Perhaps most relevant to any comparison of the biology determined by ≈40-min rhythms in yeast and the circadian clocks of animal cells are the microarray data that have been collected on a circadian time scale from flies and mice. Gene expression profiles in Drosophila show that regulatory steps governing flux through foremost pathways of glycolysis and gluconeogenesis are enforced with a circadian rhythm. Glucose-6-phosphate 1-dehydrogenase, the enzyme gating entry into the pentose-phosphate pathway, is encoded by a gene that fluctuates with a robust circadian cycle. Activity is maximal toward the end of the day. Opposing this activity, fructose-bisphosphatase, whose performance determines rates of gluconeogenesis, is rhythmic but with a phase that is shifted to dawn (2). Potentially antagonistic pathways mediating glucose metabolism thus have been segregated into distinct temporal compartments. Because the pentose-phosphate pathway affords the major route for metabolic conversion of NAD(P) to NAD(P)H, NAD(P)H levels should cycle in Drosophila. Perhaps the ≈40-min NAD(P)H oscillations described for yeast do have a counterpart in animal cells, but one that is adapted to a circadian rather than an ultradian clock. Of special interest here are the studies of Rutter et al. (23), and Dioum et al. (24), who have shown that the functions of key transcription factors composing the animal circadian clock are sensitive to concentrations of gas (e.g., CO) and NAD(P)H. McKnight and colleagues (25) have hypothesized that these metabolite-sensing proteins evolved in primitive cells to couple transcriptional networks to diurnally enforced rhythms of metabolism.
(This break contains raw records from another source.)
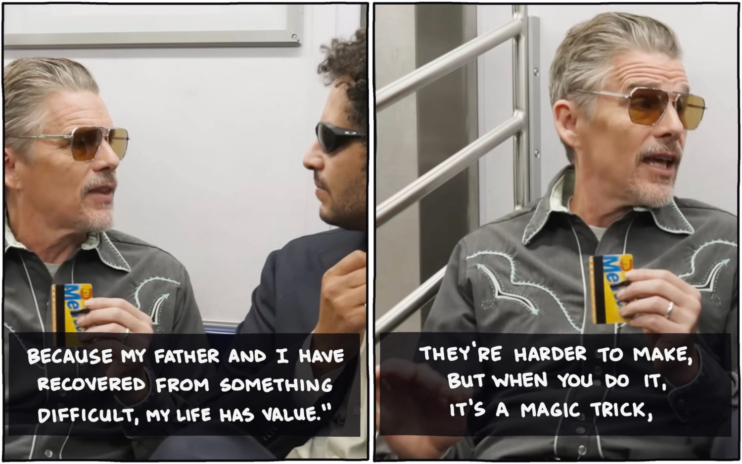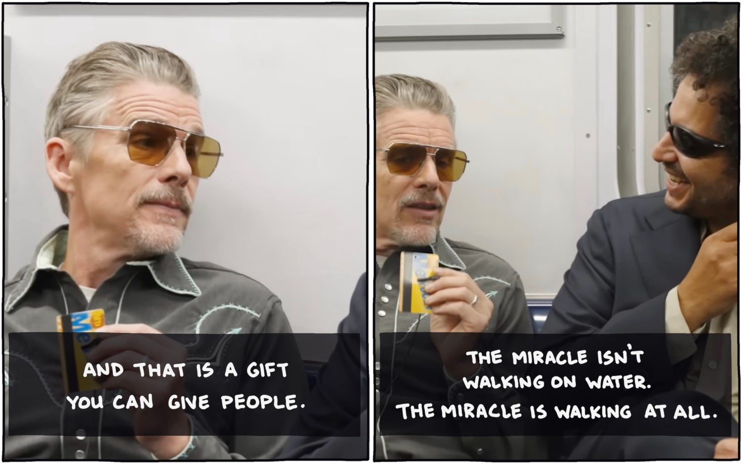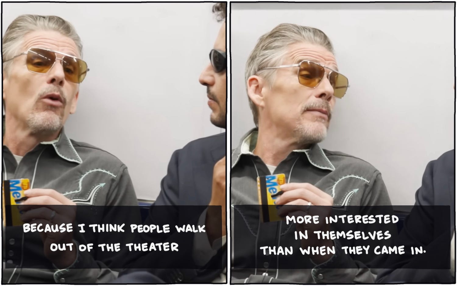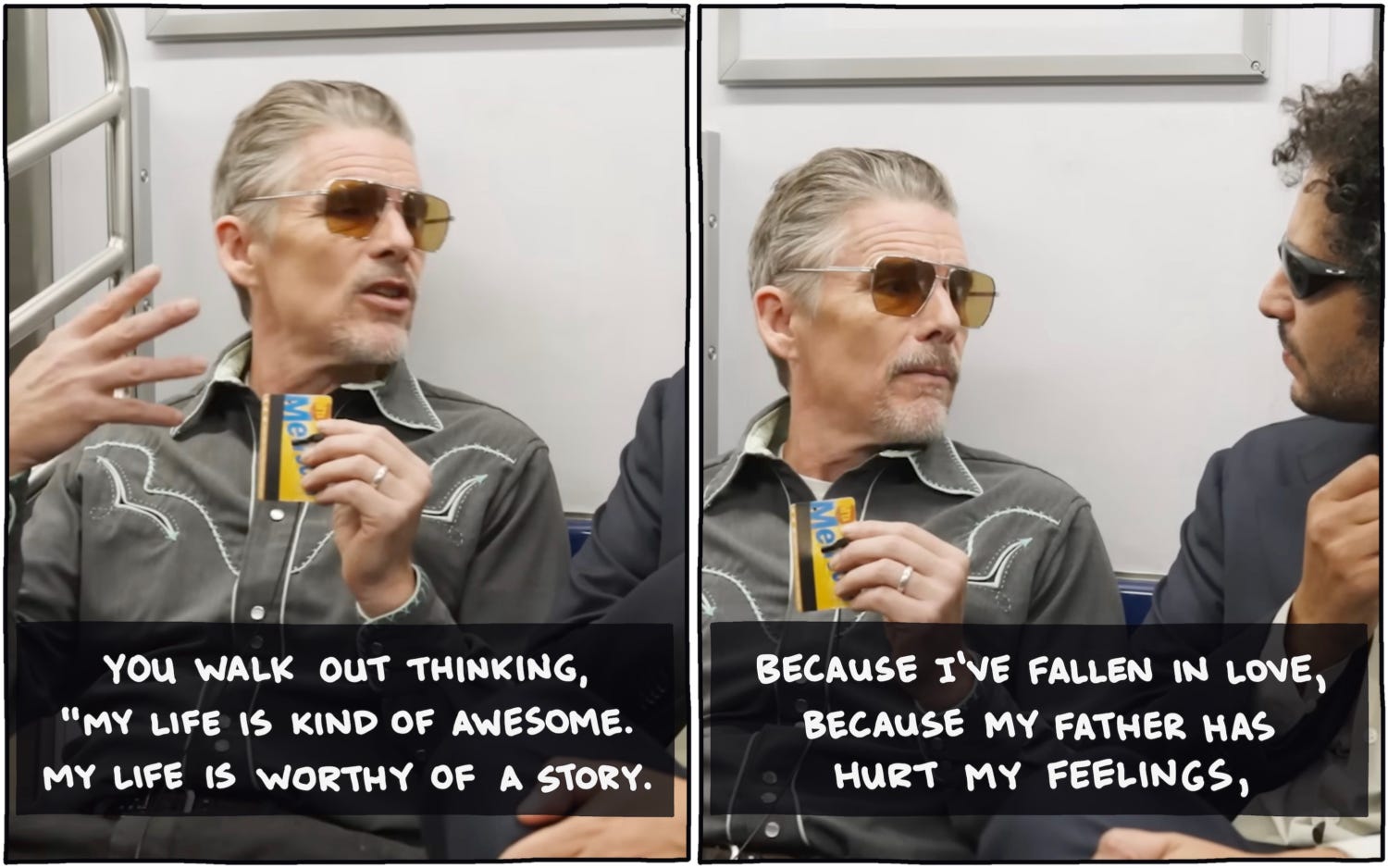 Related to that: I took a series of screenshots from Ethan Hawke’s interview on Subway Takes to try to explain why I teach writing workshops (including, of course, this year’s workshop, which has a few spots left):
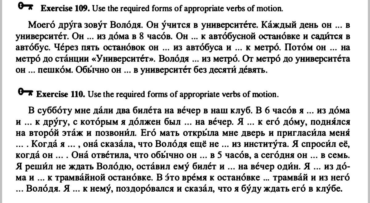 Моего друга зовут Володя. Он учится в университете. Каждый день он ходит в университет. Он выходит из дома в 8 часов. Он идёт к автобусной остановке и садится в автобус. Через пять остановок он выходит из автобуса и идёт к метро. Потом он едет на метро до станции "Университет". Володя выходит из метро. От метро до университета он идёт пешком. Обычно он приходит в университет без десяти девять.
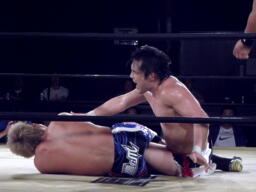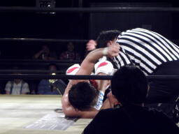 佐藤はレフェリーのシャツを引っ張る(右写真)、しかしついにはタップ。

Early adaptations of this sort might have prompted the evolution of self-sustaining programs of circadian rhythmicity that tightly determine metabolic flux (25). Presumably, shorter metabolic cycles, such as those found in yeast, would favor emergence of ultradian rather than circadian clocks. It would be fascinating to search for comparable reciprocating control in yeast as its ultradian clockworks are exposed.

Shorter metabolic cycles would favor the emergence of ultradian rather than circadian rhythms.
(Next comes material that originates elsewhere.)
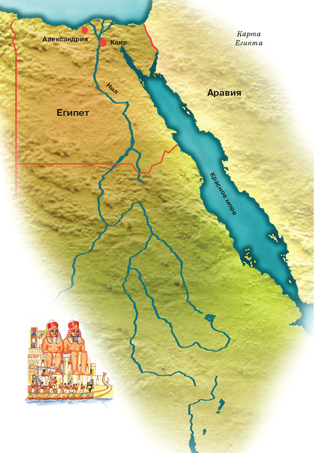 Как в доисторические времена, так и сейчас почти все население Египта обитает по берегам Нила, главной транспортной артерии страны. Одна из величайших рек мира Нил вытекает из больших африканских озер, расположенных у экватора, проходит пять порогов и затем плавно течет на протяжении 700 километров в глубокой долине, окаймленной высокими каменистыми обрывами. Ширина этой долины колеблется от 12 до 15 километров.
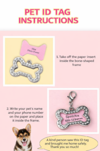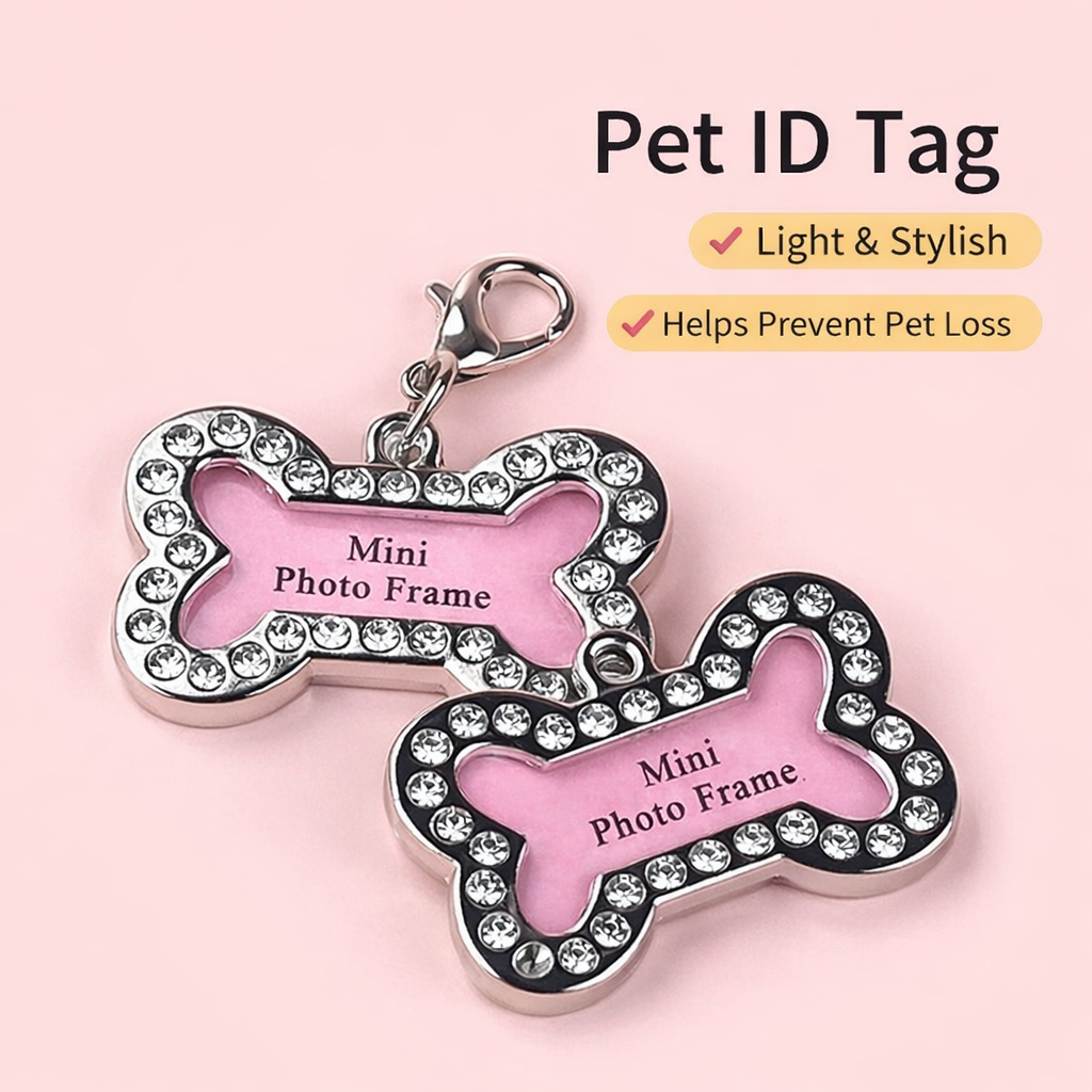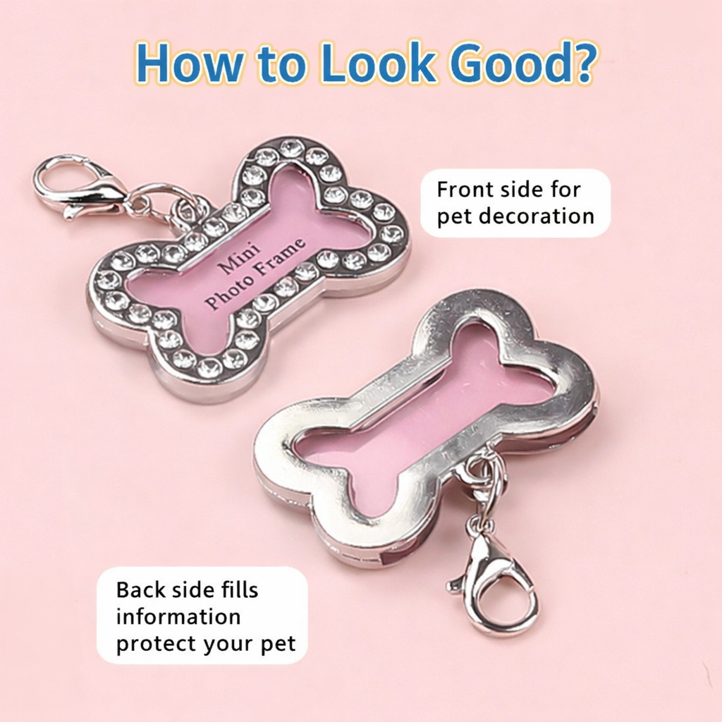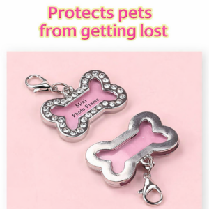 Designed in a charming bone shape, this tag features a mini photo frame that allows you to place your pet’s name and contact number inside for easy identification.

In contrast to Drosophila, microarray studies in mice benefit from the easy separation of cells representing the major organ systems. When the identities of genes falling under the control of circadian clocks in diverse tissues are compared, differences far outweigh similarities, in contrast to the molecular organization of the clock itself, which is largely invariant. To better illustrate this point, consider one listing of clock-controlled genes from liver and a portion of the hypothalamus (suprachiasmatic nucleus) that included >300 responsive genes in each tissue. Fewer than 30 genes were common to both lists (7). Another study comparing heart and liver found a similar bias toward divergent circadian control (8). Because the average roster of clock-controlled genes represents 5–10% of the expressed genes sampled in each tissue, one can safely guess that most mouse genes would be found to fall under circadian control in at least one cell type if the analysis were extended to just a few more tissues. Whereas the yeast ≈40-min clock must pack all this control into a single cell type, multicellularity brings with it the opportunity for sorting temporal control according to cell identity.
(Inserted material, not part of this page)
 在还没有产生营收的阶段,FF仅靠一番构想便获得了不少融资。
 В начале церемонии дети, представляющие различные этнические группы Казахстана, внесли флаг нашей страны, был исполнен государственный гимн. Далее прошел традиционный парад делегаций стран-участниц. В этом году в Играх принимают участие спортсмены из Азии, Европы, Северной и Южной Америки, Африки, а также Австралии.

Are there clues about the composition of the new yeast pacemaker? Klevecz et al. (13) point out that mutations have been recovered by others that substantially alter the period of the respiratory oscillation. Just as genetic screens have cracked open the circadian clockworks (26), mutations affecting the yeast timer will surely expose its mechanism. In fact, it is already claimed that a first gene affecting the yeast rhythms carries a short sequence that previously tied together the period and frequency genes of the Drosophila and Neurospora circadian clocks (27). It is time to take a closer look.